[h=2]Free Fall[/h] According to Roedy Green's
How You Know 9-11 Was an Inside Job:
All three World Trade Towers fell faster over the first half of the collapse than physics allows by free fall. That meant they had to have an assist, e.g. an explosive push from pre-planted demolition charges, not just gravity pulling them down. The maximum collapse for free fall is computed by distance = g t
where g is the acceleration due to gravity 32 feet per second per second, and t is time in seconds. In other words, free fall collapse should start out slowly and accelerate faster and faster for the big finale.
This is just plain weird. Whether a building falls by deliberate demolition or catastrophic failure, the collapse will be governed by gravity. Even if you used a teleporter to magically make several stories vanish, the part above would only fall as fast as gravity would accelerate it. Only if there was some kind of thruster pushing the building
down could it fall faster. Why install a useless Rube Goldberg device? Once the building begins to collapse, who needs anything to accelerate it? Gravity has a pretty reliable record of pulling things down. And where's the evidence for faster than free fall collapse?

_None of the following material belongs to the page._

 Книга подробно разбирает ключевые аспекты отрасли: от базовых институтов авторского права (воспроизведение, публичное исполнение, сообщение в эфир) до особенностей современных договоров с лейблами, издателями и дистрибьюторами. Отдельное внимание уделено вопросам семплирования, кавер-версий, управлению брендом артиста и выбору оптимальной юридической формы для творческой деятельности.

The videos show that the towers took 15 seconds to collapse. The free-fall time for something to fall 400 meters is about 9 seconds. So, no, the towers did
not fall faster than free fall.
911Research claims:
This rate is still much too fast to be explained by a gravity-driven collapse given that the descending rubble would have to crush and accelerate almost 1000 feet of vertical intact structure. It is especially revealing that each tower disappeared at about the same rate as the rubble fell through the air, as if the tower's structure provided no more resistance to the descent of rubble than did air.
| All photos of the collapse show a plume of debris extending far below the main level of collapse. So the debris did fall appreciably faster than the building itself. The building provided little more resistance than air for the simple reason that a skyscraper is mostly air.In the photo at left the collapse is about where the cloud fills the entire width of the picture, but the debris in free fall has almost reached the ground.

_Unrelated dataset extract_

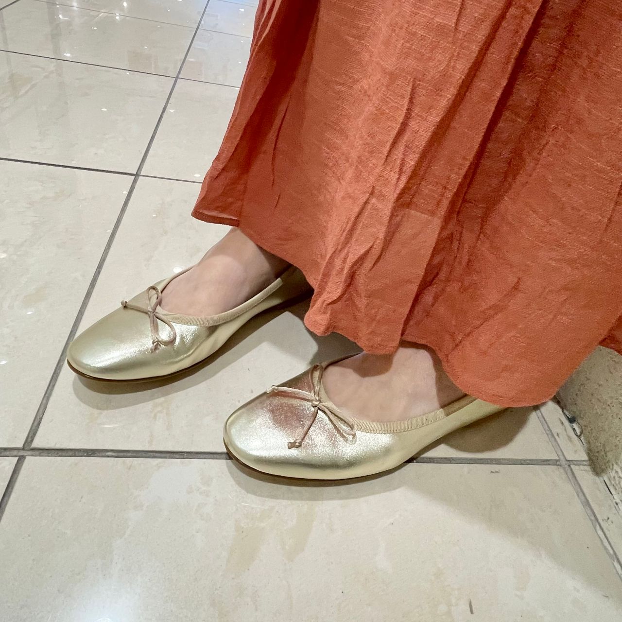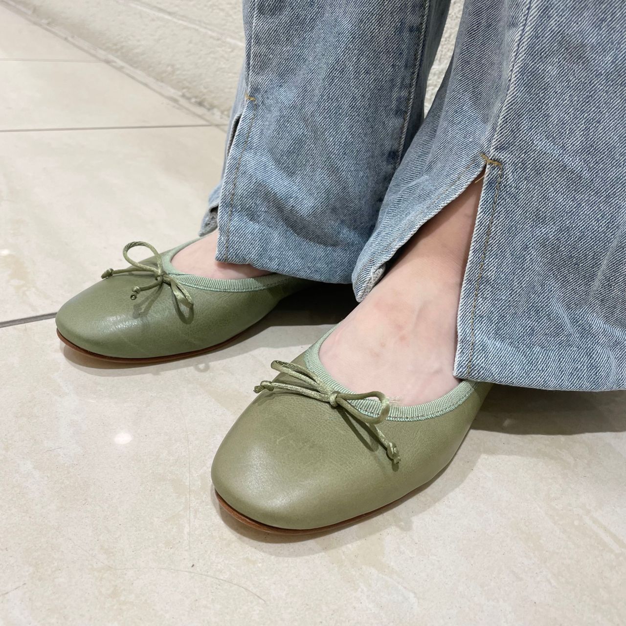 とにかくつま先までシルエットがきれいなバレエシューズ。

Note that the debris is at least a building width beyond the building itself. No competent controlled demolition flings debris that far.
|
The fall doesn't have to
crush the stories beneath. It merely has to stress the structural elements until the fasteners pop and the welds break. The impact of that pancaking material will cause the outer vertical members to bow outward, then fly outward violently when failure occurs. There's no need to appeal to explosives to fling material outward from the buildings.
If a story is 4 meters high, it will take an object about 0.9 seconds to fall one story, by which time it will be going 9 m/sec. So once the collapse starts, the overlying structure will be falling at 9 m/sec by the time it has fallen one story. If we crush the collapsing story into rubble half a meter thick and expect the collapse to stop at that point, what kinds of forces are involved? We go from 9 m/sec to zero in half a meter, or 1/18 of a second. However, during that deceleration the velocity is decreasing, and the average velocity turns out to be half of the initial velocity, so the crunch time is 1/9 second. So the acceleration is -9 m/sec divided by 1/9 sec = -81 m/sec[SUP]2[/SUP], or about 8 g's.
This is the difference between a
static load and a
dynamic load. In the north tower, with about ten stories above the impact, the dynamic load was about equivalent not to ten stories but to
eighty, nearly the total height of the building. I doubt if the tower at that level was engineered to support eighty stories - why waste the steel? Actually the loads are much greater because the initial collapse involved a fall of about three or four stories, not just one, and the dynamic loads on the points that actually resist the fall - the welds and the rivets, will be far greater. If you try to stop the collapse in the millimeter or so a rivet or weld can deform before failing, you're talking
hundreds of g's. In the south tower, where the top 25 or so stories fell, the impact load at eight g's would be equivalent to 200 stories, or
twice the total height of the building. Some conspiracy buffs argue that engineering standards require a safety factor several times the actual load on the structure, but the dynamic loads would far overwhelm those standards.
This, by the way, is the reason controlled demolition works at all. If physics worked the way 9-11 conspiracy buffs think, once you blew the lower stories of a building, the upper part would just drop and remain intact. Of course it doesn't because once the building begins to fall, the dynamic loads are far beyond the static strength of the building.
911Research devotes a lot of effort to debunking what it regards as disinformation campaigns designed to deflect attention from the theory of controlled demolition. But we keep coming back to the fundamental issue how any building can fall
faster than gravity or why a conspirator would feel the need to set up a mechanism to do something so useless.